Flow in the borehole (i.e., in the circular pipe) has been researched by researchers, and a lot of empirical formulas have been put forward.

Manning improved the Manning coefficient based on Chery's research [17]. The Chery formula is

v = [1/n][R.sup.1/6][square root of RJ], (1)

where v is the velocity, R is the hydraulic radius, J is the hydraulic slope, and n is the Manning coefficient.

Hazen and Williams [18] proposed the Hazen-Williams formula for transition region:

v = 0.355[C.sub.h][d.sup.0.63][J.sup.0.54], (2)

where d is the diameter of circular pipe and [C.sub.h] is the empirical coefficient of roughness height.

Based on the research of wood-stave pipe, Scobey [19] put forward the Scobey formula:

[h.sub.f] = [K.sub.s]L[Q.sup.1.9]/[d.sup.4.9], (3)

where [h.sub.f] is the frictional head loss, L is the length of circular pipe, Q is the volume flux, and [K.sub.s] is the empirical coefficient.

In addition, there are many other empirical formulas such as Blasius formula [20] and Churchill formula [21]. Blasius formula is suitable for the Reynolds number below [10.sup.5] based on a number of experiment results. Churchill formula can be used in both laminar flow and turbulence flow.

The volume flux of Longde quicksand disaster was calculated by using the empirical formula with the common value of empirical parameters, and the result is shown as Table 1. The actual volume flux of quicksand is 4,400-5,400 [m.sup.3]/h (Section 2.3). As shown in Table 1, the calculation results of Chezy formula and Scobey formula are far from the actual volume flux, and that of the Hazen-William formula contains the actual flux. The simple form of these empirical formulas contributes to the convenient usage in the engineering. However, there are two shortages: on the one hand, the empirical formulas are hard to select under different conditions of disasters. The Hazen-William formula can be used to calculate the volume flux in Longde quicksand disaster. However, if the geological conditions of pressure, water head, or diameter of borehole differ from that of Longde disaster, the calculation results of the Hazen-William formula can also appear with errors. On the other hand, each formula has an empirical parameter which is hard to determine in the calculation process.
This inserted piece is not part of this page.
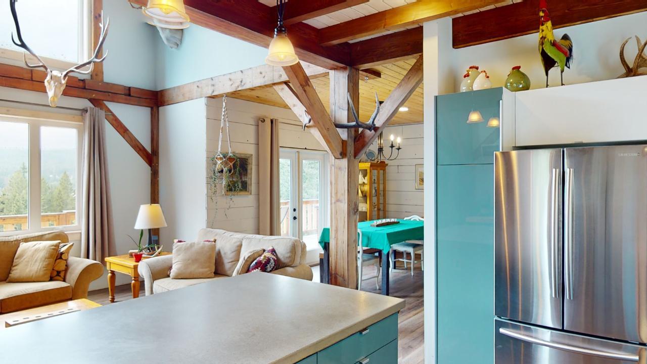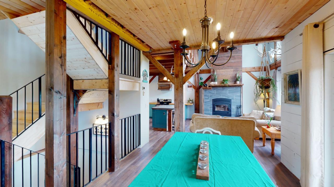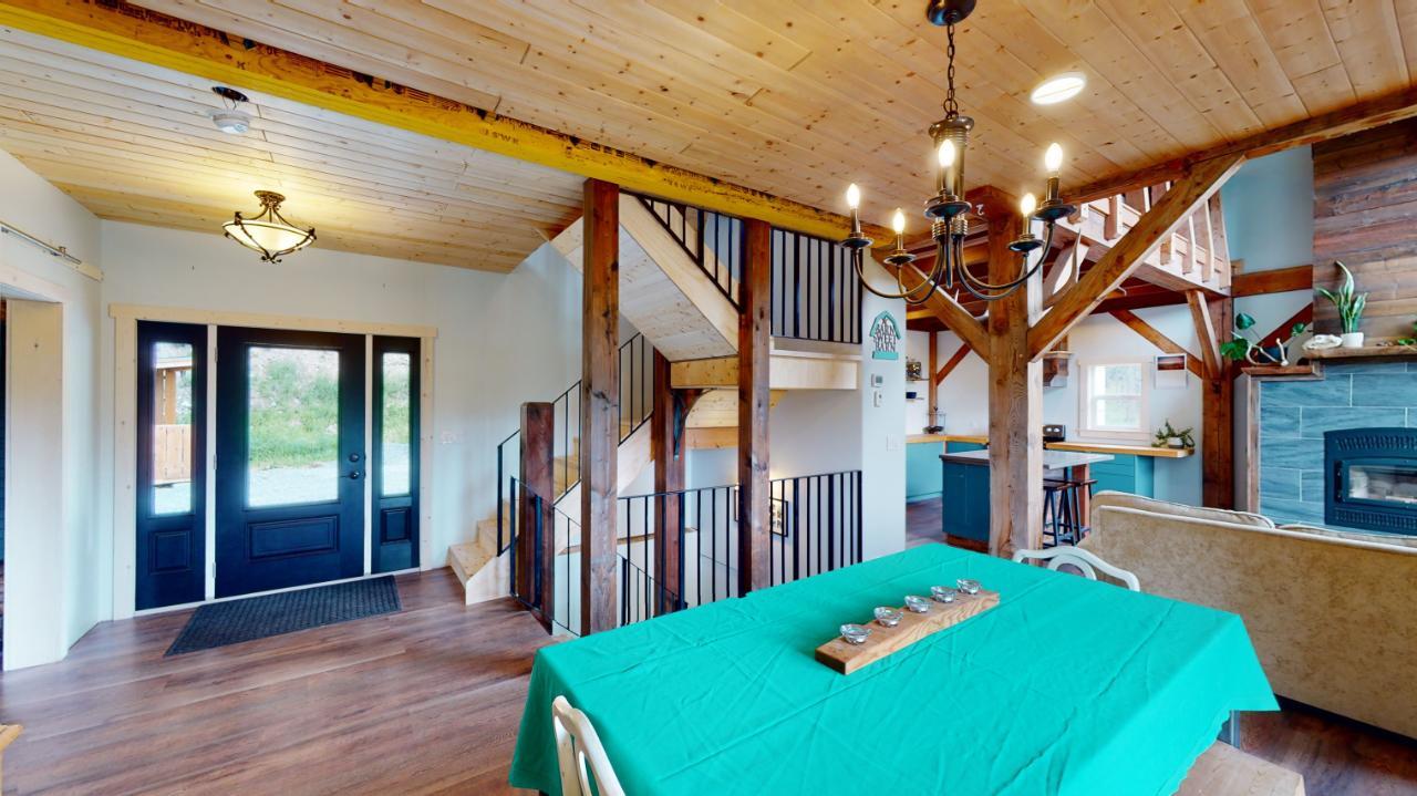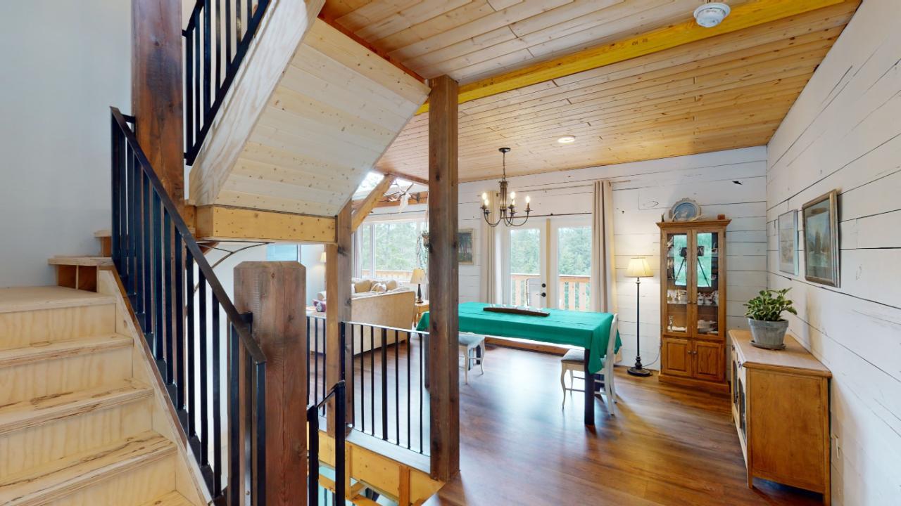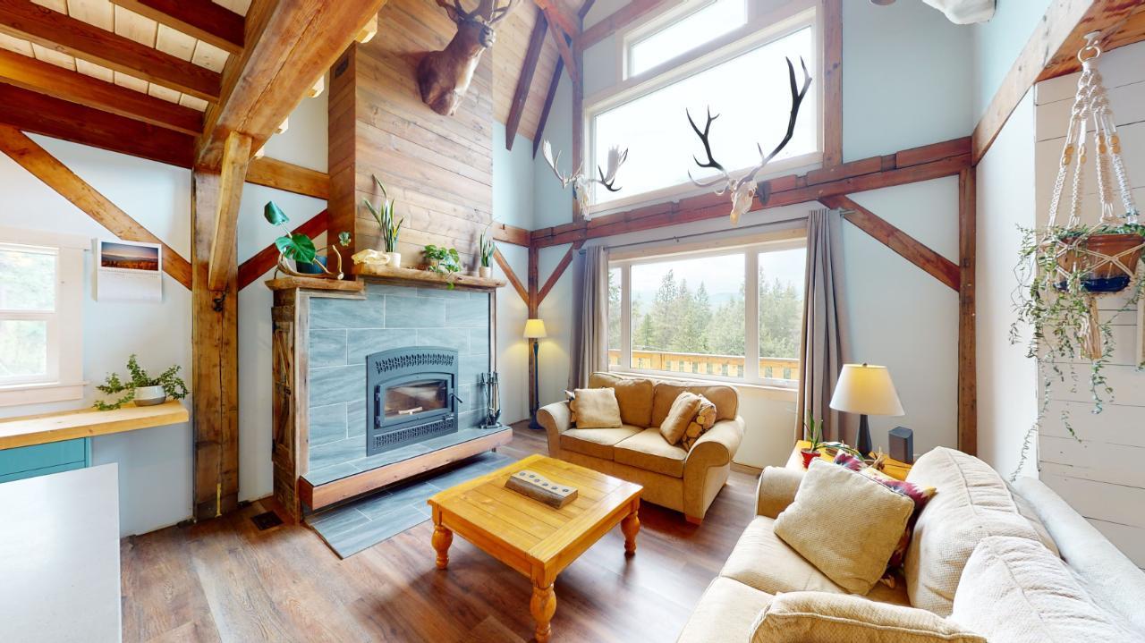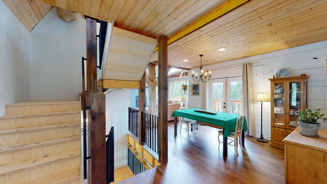 Introducing the perfect retreat at 793 Silver Creek Road! Step into your dream home with its unique open beam concept and towering vaulted 20 ft ceilings that will take your breath away. This stunning property boasts a state-of-the-art boiler system with in-floor heating ensuring comfort and warmth in every corner. The beautiful loft area offers a versatile space for an office, library, or relaxation area. The bright open kitchen is a chef's delight, featuring modern appliances and ample counter space for all your culinary creations. Imagine hosting family and friends on the spacious wrap-around deck, where you can soak up the sun and enjoy breathtaking views of the surrounding natural beauty. Cozy up on those chilly winter evenings in front of not one, but two wood-burning fireplaces, creating a warm and inviting ambiance. The master bedroom is a true sanctuary with a generous 4-piece ensuite and a huge walk-in closet, providing ample storage for your wardrobe and accessories. The stylish rear entrance adds a touch of character to this remarkable home. With a 200 amp panel, you'll never have to worry about running out of electrical capacity. Situated on an expansive 3.52-acre lot in the desirable Silver Creek area, this property offers the perfect blend of tranquility and convenience. For those with hobbies or extra space needs, the 24 x 28 2-storey shop is an ideal bonus. It can be set up as a potential in-law suite, additional shop space, or your very own man cave. The possibilities are endless! (id:22211)

Therefore, an all-purpose computing method was proposed for quicksand through the borehole in this paper. The Bernoulli formula [22], Darcy-Weisbach formula [17], semiempirical Nikuradse formula [23, 24], and Colebrook-White formula [25, 26] were combined to calculate the volume flux of quicksand. Besides, the volume concentration, density, and viscosity of sand-water mixture were tested for the method used in similar engineering. The all-purpose computing method for the calculation of volume flux can be used in all quicksand disasters though the borehole, which has a certain guiding significance in engineering.

2. Illustration of Water Inrush and Quicksand in Longde Coal Mine

2.1. The Process of the Disaster. Longde coal mine is located in southwest of Yulin in Shaanxi province in China, and the shape of this field is similar to a pistol, as shown in Figure 2. This area is vulnerable to long-term effects of polar continent. As a result, the continental climate is remarkable, and the ground is dominated by desert and hills in this area.

A water inrush and quicksand disaster through a borehole happened in Longde coal mine at 14:30, September 17, 2012. A geological team undertook the construction of cable borehole for the central water pump room. The wrong statistics of drilling depth and the cable borehole directly getting into the underground space without the protection measures such as steel casing and seal ring caused immediate disappearance of the drill tower in sand seam and submergence of the water pump room by sand. Then, the central substation could not deliver electricity normally. As a result, the whole coal mine was submerged by sand.

From September 17 to September 20, although emergency measures had been taken by Longde coal mine, a lot of sand flowed into the railway, even main shaft, and auxiliary shaft, as shown in Figure 3. The sandline elevation of quicksand position, main shaft, and auxiliary shaft was 1,227.1m, 1,081m, and 1,100 m, respectively. However, the waterline was only 1,029 m less than the sandline elevation of main and auxiliary shaft. It was mainly because that the aeolian sand has become a fluid with the lubrication action of water.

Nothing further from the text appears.